然後,他一把将那尊小小的竈王爺像扯了下來,高高舉起,又重重摔在地上。
“砰”的一聲,泥像碎成幾塊。
他的兒媳婦吓得尖叫:“爹!您瘋了!這可是要遭天譴的!”
張老漢卻哈哈大笑,笑得喘不過氣來,渾濁的眼睛裏竟泛起淚光。
他指着一地碎片,對滿臉驚恐的家人說:“以前燒香磕頭,求他保佑咱家有飯吃,有衣穿。到頭來,還不是要自己下地刨食?現在我明白了,這世上哪有什麽神仙皇帝,能做主的,就咱自己!”

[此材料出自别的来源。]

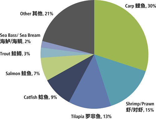 在拉丁美洲,产量增幅最大的是巴西、智利和秘鲁。而在中东地区,伊朗脱颖而出,贡献了该地区几乎所有的增长。水产饲料产量最大的是鲤鱼饲料,其次分别虾和罗非鱼饲料。榜单上还有鲶鱼、大马哈鱼和鲑鱼饲料,尽管增幅较小。
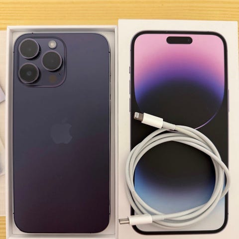 Apple iPhone 14 Pro Max -puhelin, jossa 128 GB tallennustila. Myydään uuden tieltä pois. Perus käytön jälkiä, enimmäkseen näytössä pieniä käytön naarmuja.
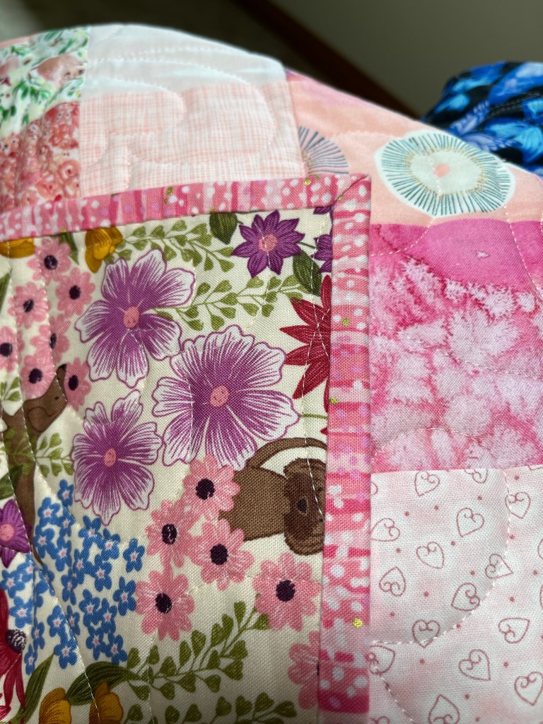The quilt was so much fun to both piece and quilt. I used the pantograph Two of Hearts and of course used Pink 40 wt thread (glide)
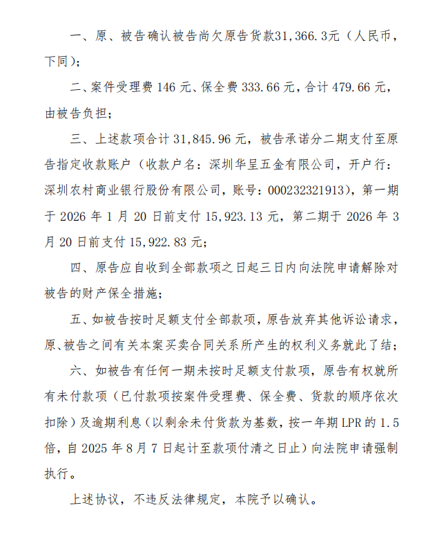 截至2026年2月4日 91抖音短视频,我司仍未收到调解约定的成大公司应付货款第一部分,并且无法正常联系沟通,目前我司已委托律师向法院申请强制执行。

他彎下腰,将神龛的木闆一塊塊拆下,利索地劈成柴火,丢進了竈膛。
“摔了這神龛,往後咱家才算真正供得起自己的良心。”他笑道,“燒了它,今晚的飯,才算真正是咱自己做的。”
火苗舔舐着曾被無數次叩拜的木料,發出噼啪的聲響。
那一晚,張老漢家的飯菜,香得飄了半個村。
虞清晝就站在張老漢家院外的陰影裏,靜靜地看完了這一切。
她走訪了數個村落,目睹了相似的場景。
有人歡呼,有人迷茫,但再沒有人像從前那樣,因爲對神明的亵渎而恐懼。
舊的敬畏正在崩塌,新的意識正在從廢墟中野蠻生長。
她來到跑丫坡那片曾舉行“胡說大會”的廢墟前,青草已經沒過了腳踝。
她從懷中取出一枚小小的瓜子殼——那是當初跑丫坡那個草人掌心裏,留下的最後一顆。
她蹲下身,用手指在灰燼與新土混雜的地面上,挖了一個小小的坑,鄭重地将這枚瓜子殼埋了進去。
與此同時,璇玑閣舊址,老槐樹下的盲童,已經靜坐了整整三日,如同一尊風化的石像。
第四日的淩晨,當第一縷熹微的晨光刺破地平線,他忽然動了。
他緩緩起身,沒有絲毫的遲疑,徑直走向藏經洞的深處。
虞清晝的身影如鬼魅般悄然尾随。
她看着盲童走過一重重熟悉的石室,最終停在了一面從未有人踏足過的、光滑如鏡的岩壁前——那是藏經洞傳說中的第九重秘室。
盲童擡起手,枯瘦的指甲在岩壁上疾速劃動,留下了七個深奧複雜的亂碼符文。
“轟隆——”
整面岩牆仿佛被無形的力量擊碎,向内轟然坍塌,露出一個幽深的洞口。
洞内沒有經卷,沒有寶藏,隻有一口巨大的石棺,靜靜地橫陳中央。
晝心跳驟停,目光死死地鎖在棺蓋上。
那上面,用一種比甲骨文更古老的字體,刻着四個字:
待語者終。
這四個字,如同九天驚雷,在她腦海中轟然炸響!
這是姜璃早年破解那來曆不明的“系統”時,在無數數據流中捕捉到的一句終極預言。
它指向一個結局,一個唯有“舍聲之人”方可開啓的終點。
她就是那個“舍聲之人”。
虞清晝一步步走上前,冰冷的空氣拂過她的臉頰。
她顫抖着伸出雙手,按在了沉重的棺蓋上。
入手處,石質冰冷刺骨。
她深吸一口氣,用盡全身力氣,猛地一推!
棺蓋滑動,發出令人牙酸的摩擦聲。
裏面沒有屍骨,沒有陪葬品,隻有一卷由某種未知生物的皮制成的空白冊子,安靜地躺在棺底。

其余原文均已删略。